> [What you have to do]: Keep the images out while you retype all of the data exactly.

> [Data provided]:
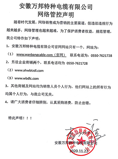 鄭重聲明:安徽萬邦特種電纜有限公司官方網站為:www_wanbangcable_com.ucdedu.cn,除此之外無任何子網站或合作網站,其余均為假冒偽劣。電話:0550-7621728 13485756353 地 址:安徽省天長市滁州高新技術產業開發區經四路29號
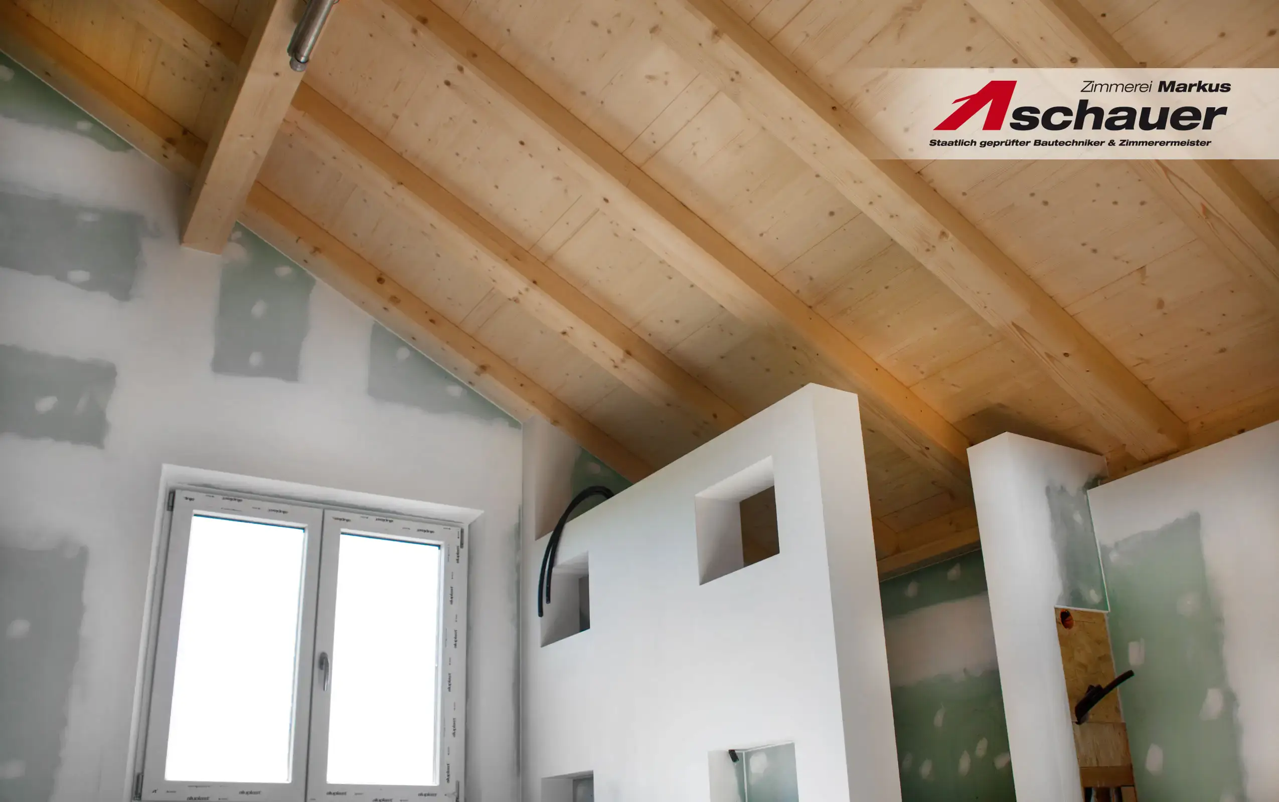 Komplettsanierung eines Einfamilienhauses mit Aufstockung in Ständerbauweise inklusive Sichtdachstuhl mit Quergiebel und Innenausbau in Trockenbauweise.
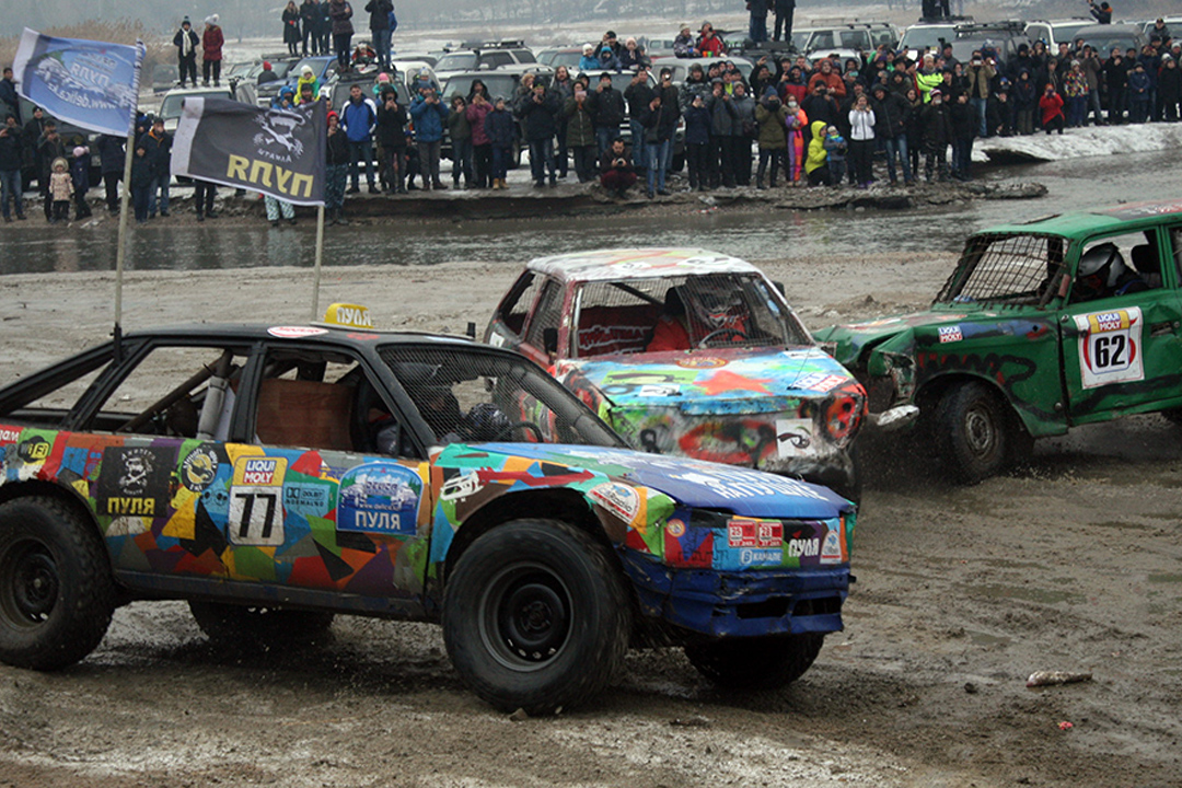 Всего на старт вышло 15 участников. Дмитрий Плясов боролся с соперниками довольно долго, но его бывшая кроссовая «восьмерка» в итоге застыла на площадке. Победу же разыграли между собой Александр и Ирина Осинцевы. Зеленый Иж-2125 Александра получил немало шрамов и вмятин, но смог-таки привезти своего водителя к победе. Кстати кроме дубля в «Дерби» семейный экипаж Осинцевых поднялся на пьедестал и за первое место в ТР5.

> [Exercise solution]:
 鄭重聲明:安徽萬邦特種電纜有限公司官方網站為:www_wanbangcable_com.ucdedu.cn,除此之外無任何子網站或合作網站,其余均為假冒偽劣。電話:0550-7621728 13485756353 地 址:安徽省天長市滁州高新技術產業開發區經四路29號
 Komplettsanierung eines Einfamilienhauses mit Aufstockung in Ständerbauweise inklusive Sichtdachstuhl mit Quergiebel und Innenausbau in Trockenbauweise.
 Всего на старт вышло 15 участников. Дмитрий Плясов боролся с соперниками довольно долго, но его бывшая кроссовая «восьмерка» в итоге застыла на площадке. Победу же разыграли между собой Александр и Ирина Осинцевы. Зеленый Иж-2125 Александра получил немало шрамов и вмятин, но смог-таки привезти своего водителя к победе. Кстати кроме дубля в «Дерби» семейный экипаж Осинцевых поднялся на пьедестал и за первое место в ТР5.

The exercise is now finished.